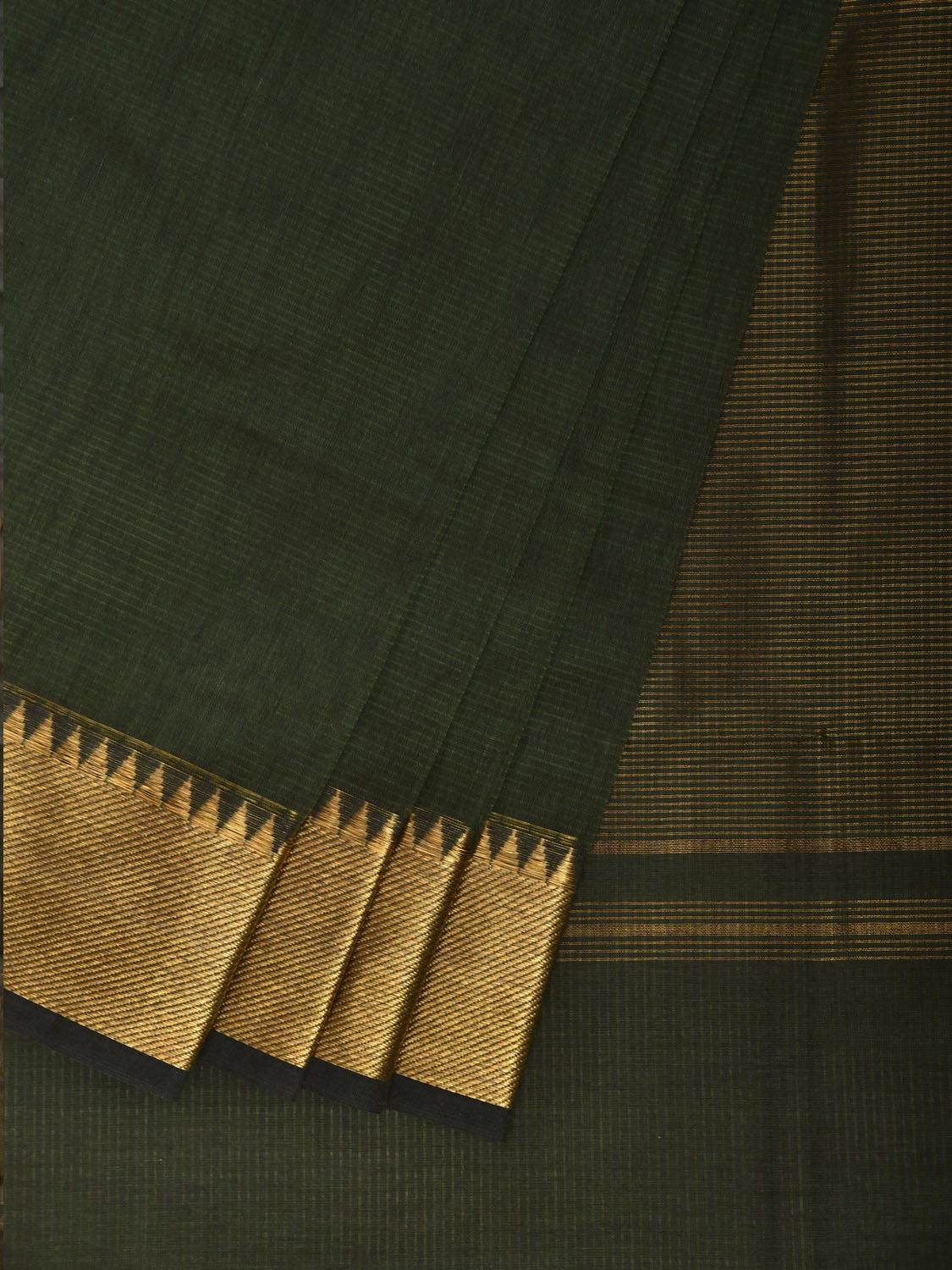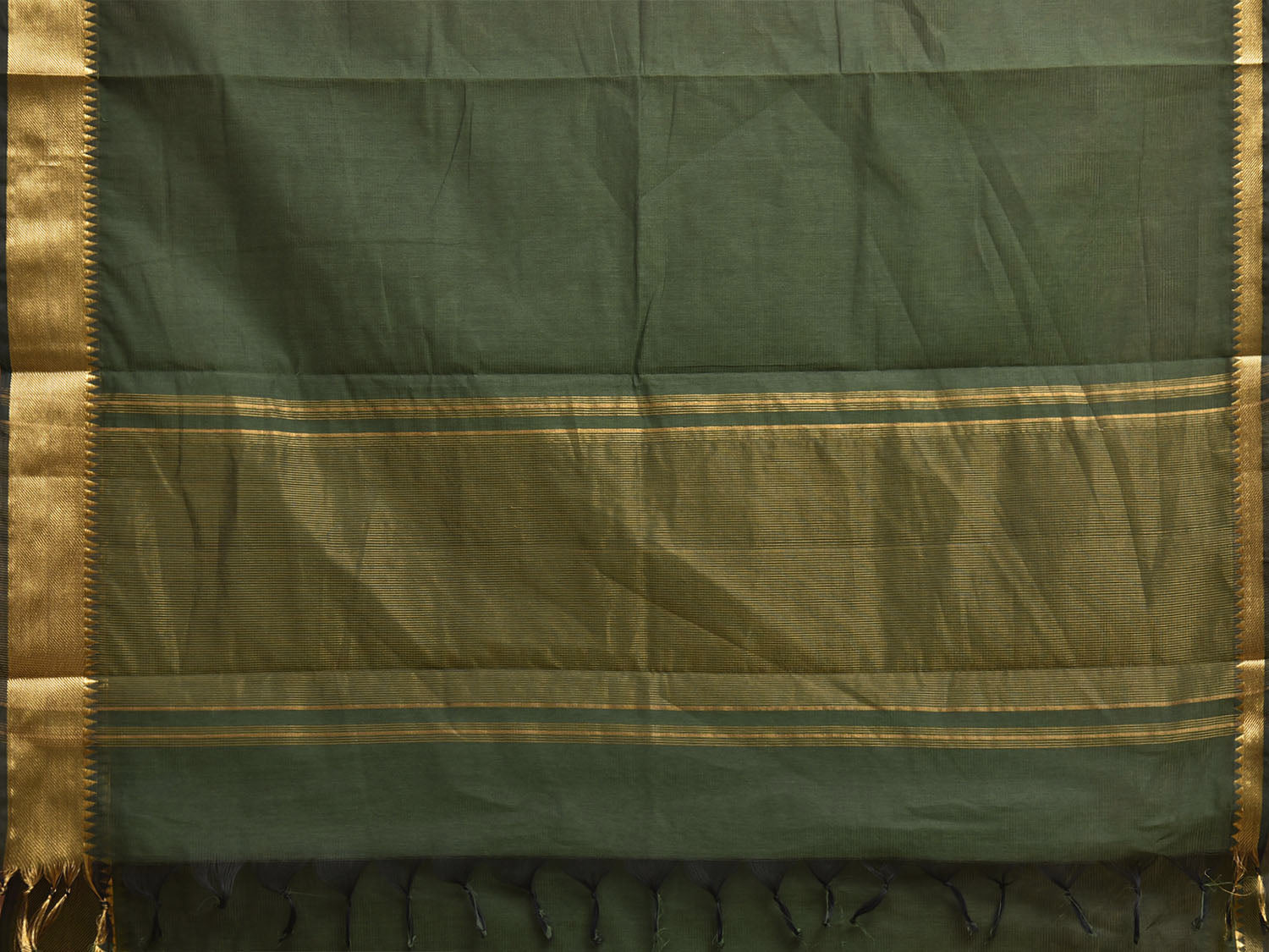 Dark Green Mangalgiri Cotton Handloom Plain Saree with Strips Pallu Design No Blouse. These are Simple and Traditional Andhra Pradesh Handloom Dupattas, being soft cotton they are comfortable to wear. For fabric care we advise gentle handwash it separately. This saree has no blouse.
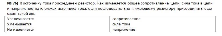 К источнику тока присоединен резистор. Как изменяется общее сопротивление цепи, сила тока в цепи и напряжение на клеммах источника тока, если последовательно к имеющему резистору присоединить еще один такой же.
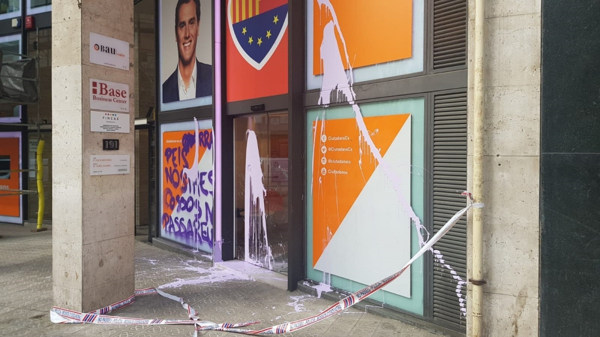 La líder del partido en Catalunya, Inés Arrimadas, ha lamentado que "los fascistas vuelven a atacar la sede de Cs en Barcelona rompiendo cristales, haciendo pintadas y lanzando pintura".
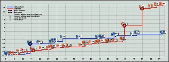 Brazil played more aggressively, although most attacks did not pose a serious threat to the opponent's goal (Figure 2). Their final xG advantage (2.51 vs 1.07) is primarily explained by two mistakes from the Czechoslovak goalkeeper. Otherwise, the match remained evenly balanced.
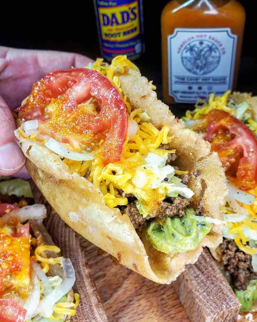 I finished these tacos off with a plentiful pour of the @honoluahotsauceco “the cave” hot sauce. I’m a sucker for a killer habanero sauce and this was just that plus it had the additional flavors Hawaiian chile peppers, and pineapple and just the right amount of heat.

======

The task:
Copy the entries above faithfully and omit every image.

Exercise answer:
 Dark Green Mangalgiri Cotton Handloom Plain Saree with Strips Pallu Design No Blouse. These are Simple and Traditional Andhra Pradesh Handloom Dupattas, being soft cotton they are comfortable to wear. For fabric care we advise gentle handwash it separately. This saree has no blouse.
 К источнику тока присоединен резистор. Как изменяется общее сопротивление цепи, сила тока в цепи и напряжение на клеммах источника тока, если последовательно к имеющему резистору присоединить еще один такой же.
 La líder del partido en Catalunya, Inés Arrimadas, ha lamentado que "los fascistas vuelven a atacar la sede de Cs en Barcelona rompiendo cristales, haciendo pintadas y lanzando pintura".
 Brazil played more aggressively, although most attacks did not pose a serious threat to the opponent's goal (Figure 2). Their final xG advantage (2.51 vs 1.07) is primarily explained by two mistakes from the Czechoslovak goalkeeper. Otherwise, the match remained evenly balanced.
 I finished these tacos off with a plentiful pour of the @honoluahotsauceco “the cave” hot sauce. I’m a sucker for a killer habanero sauce and this was just that plus it had the additional flavors Hawaiian chile peppers, and pineapple and just the right amount of heat.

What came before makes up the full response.